▶ [Goal of the exercise]
Your answer should be the exact lines of the data below from the one containing "Ervaar elegantie en" through the one containing "儀式上,董事長陶保富與副院長"; please include nothing else.

▶ [Source information]
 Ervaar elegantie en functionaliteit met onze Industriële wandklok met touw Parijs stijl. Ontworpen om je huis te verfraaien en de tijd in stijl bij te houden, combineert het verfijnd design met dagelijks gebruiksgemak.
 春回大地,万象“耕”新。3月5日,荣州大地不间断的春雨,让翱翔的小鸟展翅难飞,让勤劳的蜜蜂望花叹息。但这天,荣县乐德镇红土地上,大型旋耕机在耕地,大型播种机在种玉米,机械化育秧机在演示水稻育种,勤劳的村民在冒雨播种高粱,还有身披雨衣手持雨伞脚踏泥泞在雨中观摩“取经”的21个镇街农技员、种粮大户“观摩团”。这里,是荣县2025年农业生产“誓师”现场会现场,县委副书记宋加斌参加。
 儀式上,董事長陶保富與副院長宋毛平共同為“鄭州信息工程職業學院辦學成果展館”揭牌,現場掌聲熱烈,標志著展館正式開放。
==
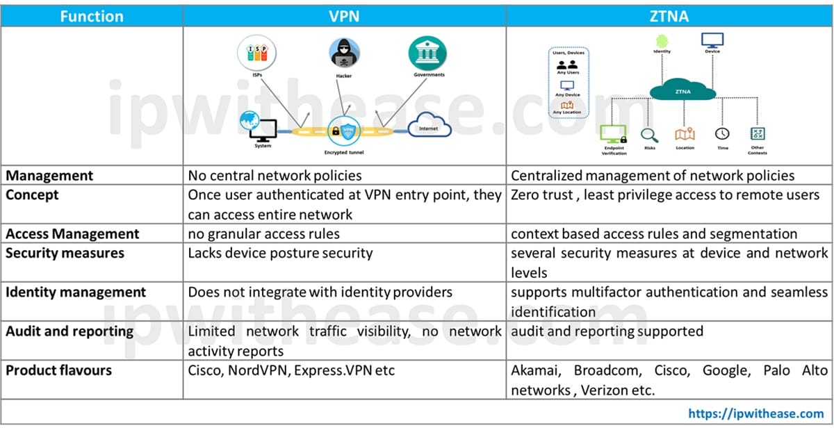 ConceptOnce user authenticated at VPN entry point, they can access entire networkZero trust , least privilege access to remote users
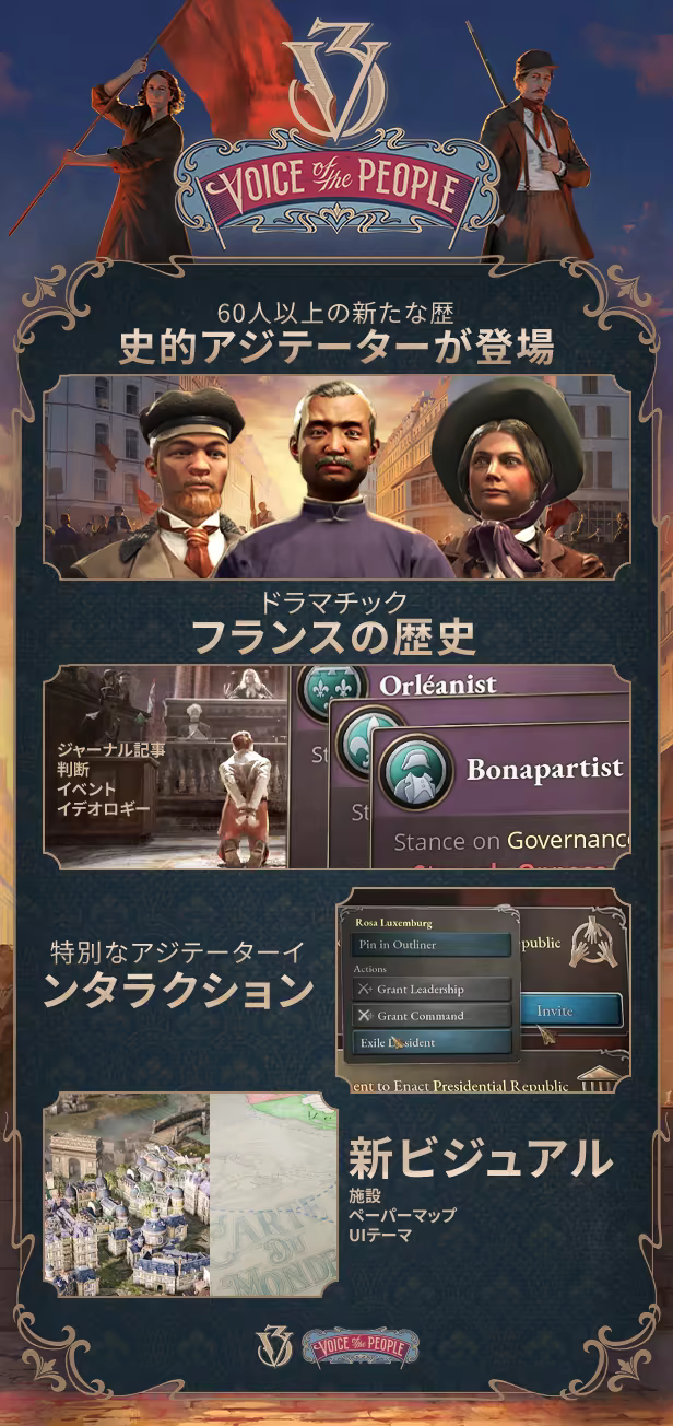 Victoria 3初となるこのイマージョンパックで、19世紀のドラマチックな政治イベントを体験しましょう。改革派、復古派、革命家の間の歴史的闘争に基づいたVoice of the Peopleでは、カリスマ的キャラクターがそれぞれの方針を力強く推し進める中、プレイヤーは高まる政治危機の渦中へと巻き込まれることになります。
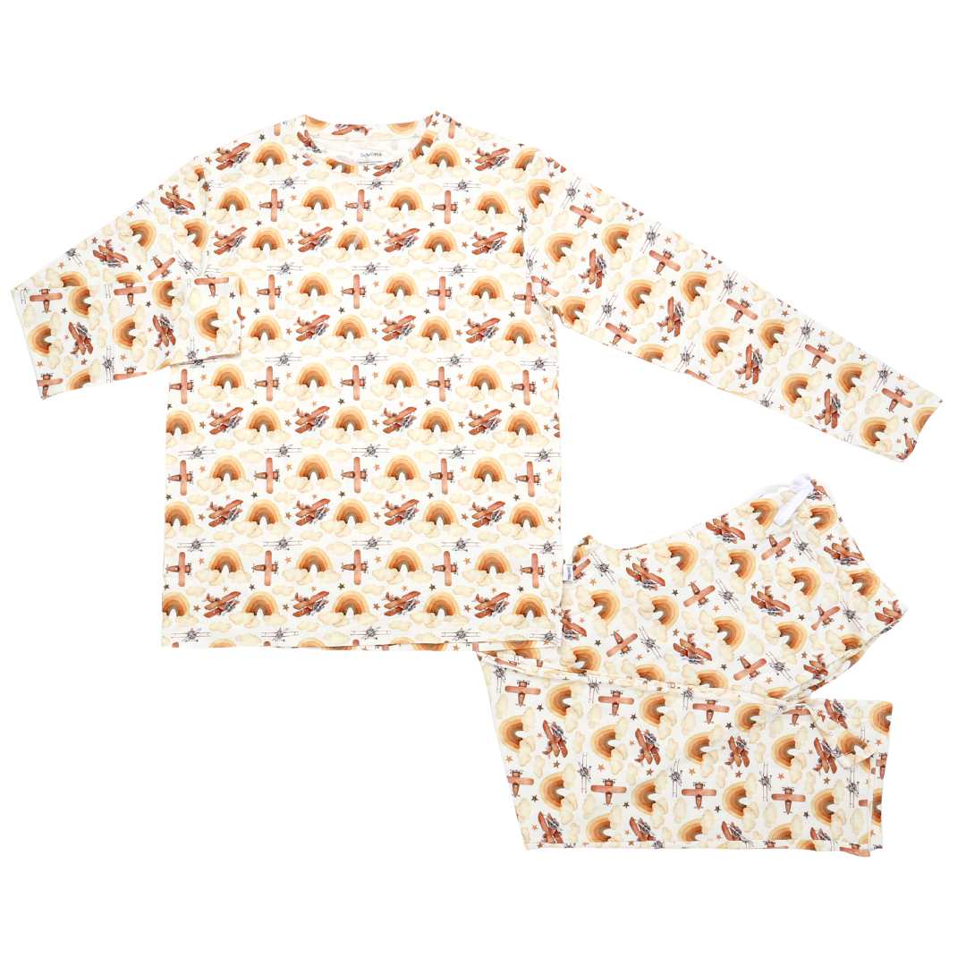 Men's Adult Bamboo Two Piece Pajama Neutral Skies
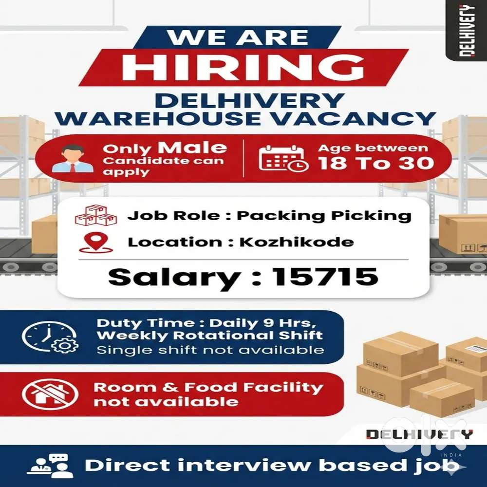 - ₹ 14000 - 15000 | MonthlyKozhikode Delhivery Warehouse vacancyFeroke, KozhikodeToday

▶ [Answer box]
 Ervaar elegantie en functionaliteit met onze Industriële wandklok met touw Parijs stijl. Ontworpen om je huis te verfraaien en de tijd in stijl bij te houden, combineert het verfijnd design met dagelijks gebruiksgemak.
 春回大地,万象“耕”新。3月5日,荣州大地不间断的春雨,让翱翔的小鸟展翅难飞,让勤劳的蜜蜂望花叹息。但这天,荣县乐德镇红土地上,大型旋耕机在耕地,大型播种机在种玉米,机械化育秧机在演示水稻育种,勤劳的村民在冒雨播种高粱,还有身披雨衣手持雨伞脚踏泥泞在雨中观摩“取经”的21个镇街农技员、种粮大户“观摩团”。这里,是荣县2025年农业生产“誓师”现场会现场,县委副书记宋加斌参加。
 儀式上,董事長陶保富與副院長宋毛平共同為“鄭州信息工程職業學院辦學成果展館”揭牌,現場掌聲熱烈,標志著展館正式開放。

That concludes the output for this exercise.